Saturday, January 22, 2011

my poverty prejudice

I've debated posting this as my own thoughts aren't fully formed yet.  However, it is coloring my experience and the journey so it's only fair to post.

As we drove from Golfito to Pavones, we saw some of areas of absolute extreme poverty.  While that wasn't unexpected, I kept thinking "How could these possibly be the happiest people in the world?"  

My husband saw a guy sitting in a ditch for no apparent reason and made a passing comment.  My retort was "Well, apparently he's happier than we are."  It's really hard for me to wrap my mind around the fact that someone living with so little could be happier than those of us who have so much. 

I think we're brought up to believe that if only poor people were more industrious, more ambitious, more willing to put in some hard work, their wealth would increase and, thus, they would be happier.  Right? The current cover article in the Atlantic reinforces the fact that those of first and second generation wealth tend to feel that they have earned it purely by hard work, effort and intelligence. 

I'm not suggesting that the Happy Planet Index is the only measure of contentment.  But Costa Rica measures really well on a range of indexes related to perceptions of happiness as noted in this New York Times column

More interesting to me than the happiness of the Ticos was my own reaction to it relative to their lack of wealth.  I think we perceive poverty to be an individual failure that could be corrected if the individual would only buck up and get with the program.

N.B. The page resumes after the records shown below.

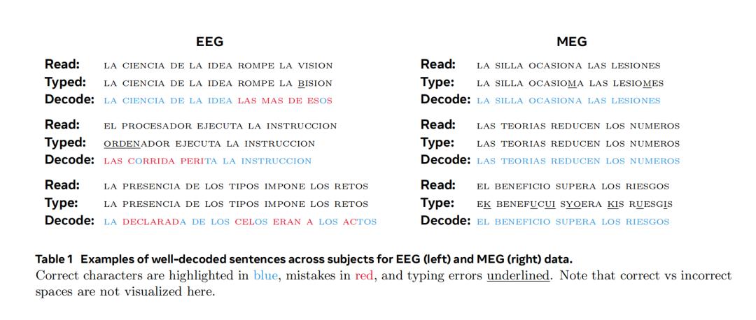 图|解码表现较好的 EEG 和 MEG 文本对比,正确解码字符标为蓝色,错误为红色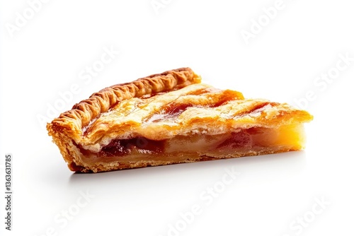 Serving of Delicious Apple Pie Slice on White Background Studio Shot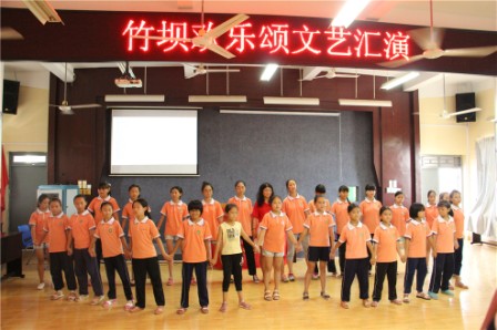 文艺汇演由支教组成员魏琛和竹坝学子李思思担任主持。在主持人简要介绍了此次实践活动各组所取得的成果之后,三名戴着墨镜、着统一服装的小男孩吸引了全场的注意,激扬高亢的歌声一出来,小朋友们劲爆十足的舞蹈就引来阵阵欢呼。
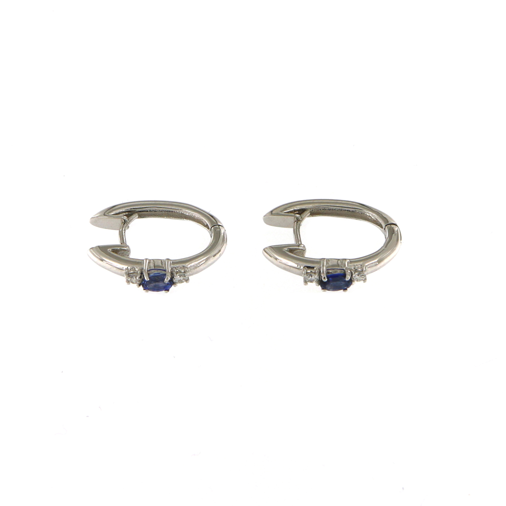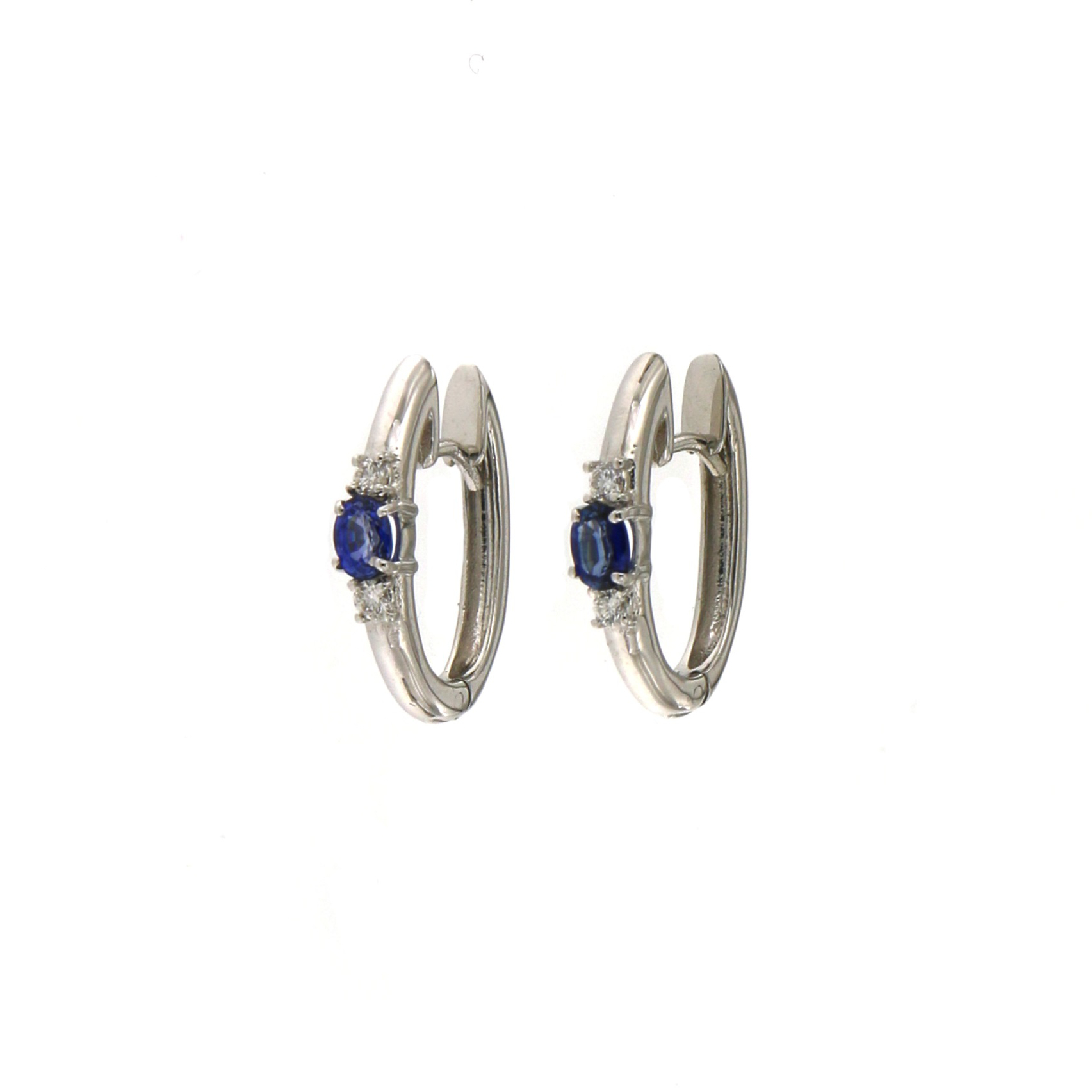 Orecchini cerchio in oro bianco 18 kt con zaffiri per complessivi ct 0,50 ca e diamanti per complessivi 0,10 ca, diametro cm 1.8, grammi 4.00

But I do know better. 


Programs like Grameen Bank have illustrated that, if you're willing to see people instead of poverty, there are ways to turn the paradigm upside down.  At the point we consider wealth and fortune to be solely driven by individual effort, rather than first based in the sheer luck of birth and opportunity of circumstance, we give ourselves permission to dismiss those who do not share in that same luck and opportunity.  We also then may tend to equate happiness with that material wealth and fortune - something that this population appears not to do.

Even knowing all this, it took the convergence of a happiness ranking, a drive through a poor country and a guy sitting in a ditch to make me really think about my own poverty prejudice.